Gold Drops 1.45% to 3293.35 USD Amidst Bull Camp Divisions

Generated by AI AgentTicker Buzz
Tuesday, May 27, 2025 11:22 am ET2min read

On May 27, the price of gold experienced a significant drop, with spot gold prices falling below 3300 USD per ounce. As of the time of reporting, spot gold was trading at 3293.35 USD per ounce, down 1.45%. This decline comes amidst growing divisions within the Wall Street gold bull camp, with differing views on the long-term prospects of gold prices.

Goldman Sachs and

remain optimistic about gold's performance by 2026, while has expressed a more cautious outlook. Citigroup's latest report suggests that gold prices are likely to stabilize around current levels and fluctuate within a range of 3100 to 3500 USD by the second half of 2025. However, the report also highlights potential risks, including the upcoming U.S. midterm elections and the possibility of a reduction in the Federal Reserve's interest rate cuts, which could mitigate economic growth and global stock market risks.

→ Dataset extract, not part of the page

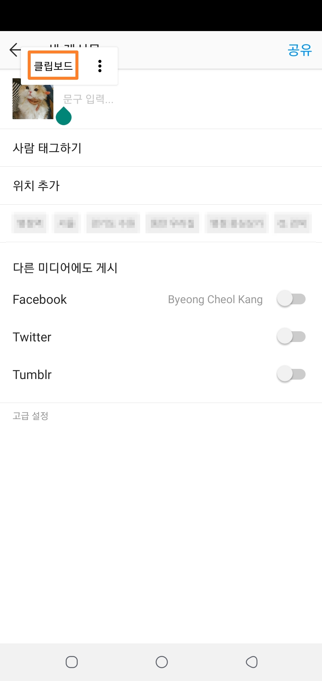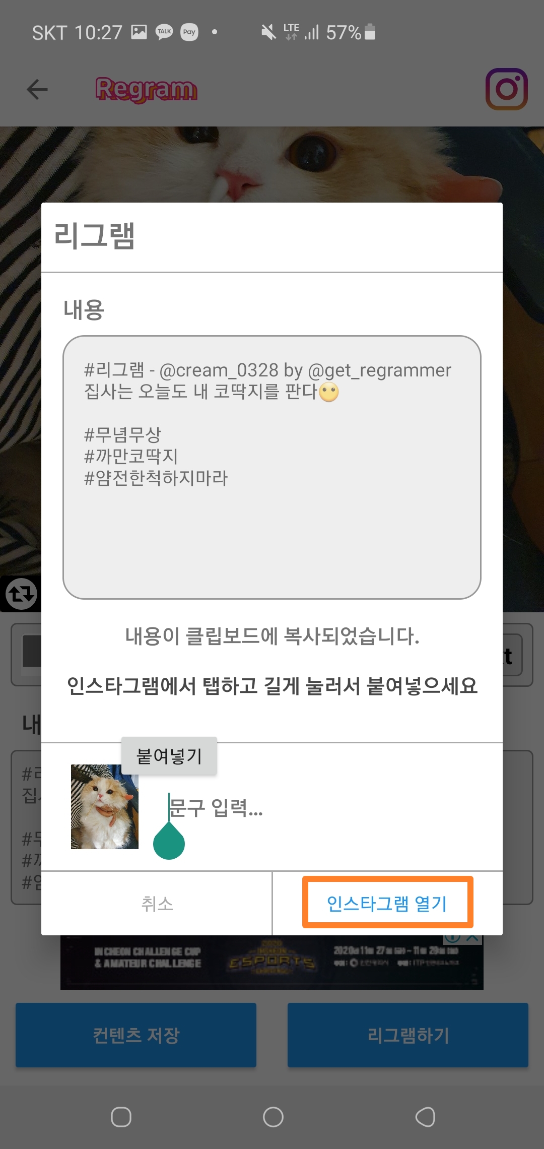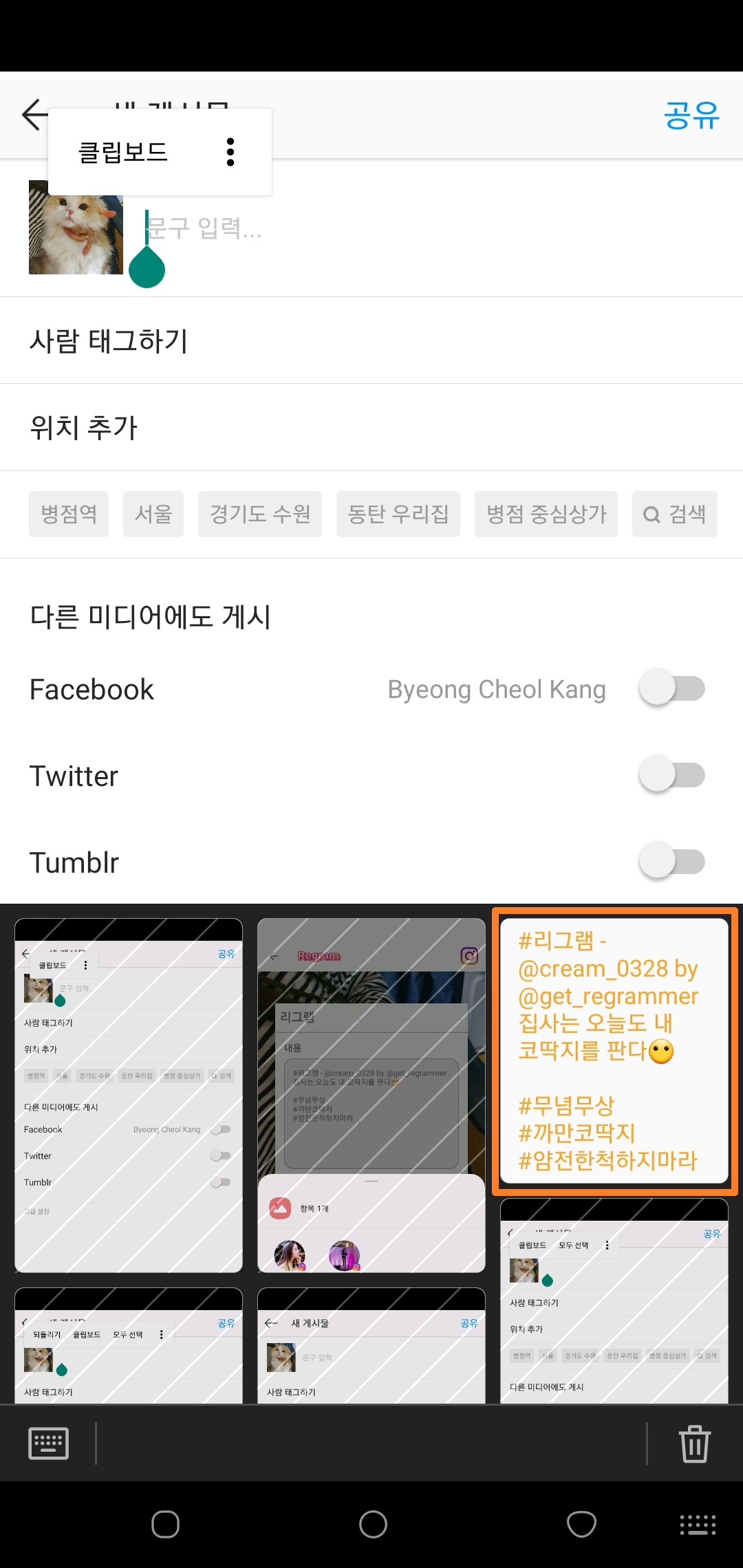 아래 사진에서 처럼, 마지막 리그램하고자 했던 게시물의 텍스트를 입력하는 방법을 설명드릴게요! 기본적으로 리그램하고자 하는 게시물의 텍스트 또한 클립보드에 저장이 되어있는데요! 아래 처럼 '문구입력'부분을 꾸욱 1초정도 눌러주시게 되면 클립보드 탭이 나오게 됩니다.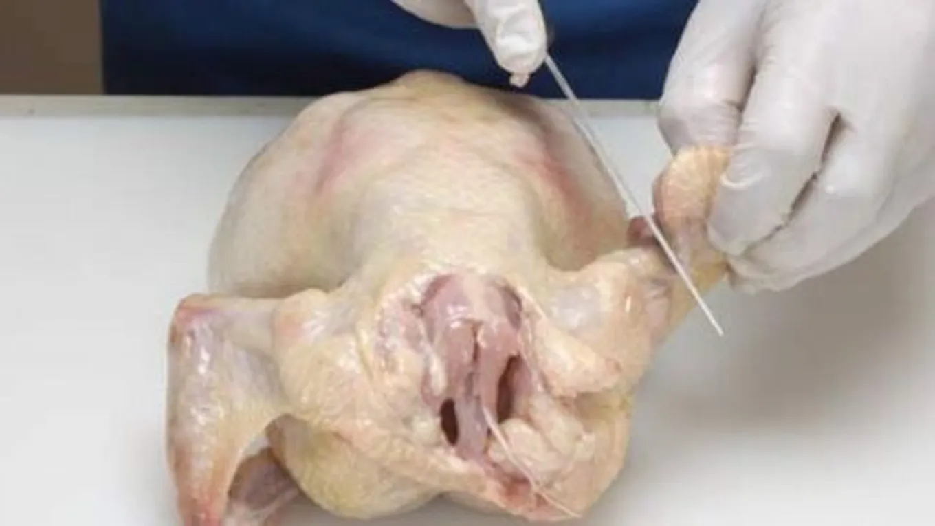 - تُفحص الدجاجة للتأكد من أن الكلى لا تزال سليمة، عن طريق النظر في تجويف الدجاجة البطني، حيث يجب أن تكون الكلى ذات لون أحمر غامق في الجزء الخلفي من الدجاجة، وبعد التأكد منها تُزال بالأصابع.

Citigroup's analysis points to two significant challenges for gold's long-term prospects. Firstly, the current high level of global household gold holdings, which is at its highest point in 50 years, could limit further price increases. Secondly, the potential for a reduction in the Federal Reserve's interest rate cuts could lead to a more stable economic environment, reducing the need for safe-haven assets like gold.

Despite these challenges,

and Deutsche Bank remain bullish on gold. Goldman Sachs predicts that gold prices could reach 4000 USD by 2026, while Deutsche Bank expects prices to surpass 3700 USD in the coming year. These predictions are based on the expectation of continued economic uncertainty and the potential for further interest rate cuts by the Federal Reserve.

In the short term, analysts from Guotai Junan Futures suggest that gold prices could face support, but the potential for a U.S. credit rating downgrade and liquidity risks in U.S. and Japanese bonds could lead to market volatility in June. The firm also notes that the recent easing of U.S.-China trade tensions and the resilience of the U.S. economy could limit gold's upside potential in the near term.

China International Futures also points to short-term volatility in gold prices, driven by ongoing trade tensions and the potential for a tightening of U.S. dollar liquidity. However, the firm expects gold prices to remain range-bound in the near term, with the potential for a breakout to the upside if economic data continues to improve.

Analysts from Jinrui Futures suggest that investors should remain patient and take advantage of gold's range-bound trading to buy low and sell high. The firm also recommends keeping a close eye on Federal Reserve policy signals and U.S. economic data for potential catalysts for gold price movements.

UBS also recommends that investors consider adding gold to their diversified portfolios, suggesting an allocation of around 5% to manage potential risks. The firm notes that gold's safe-haven status and its negative correlation with other asset classes make it an attractive addition to a diversified portfolio.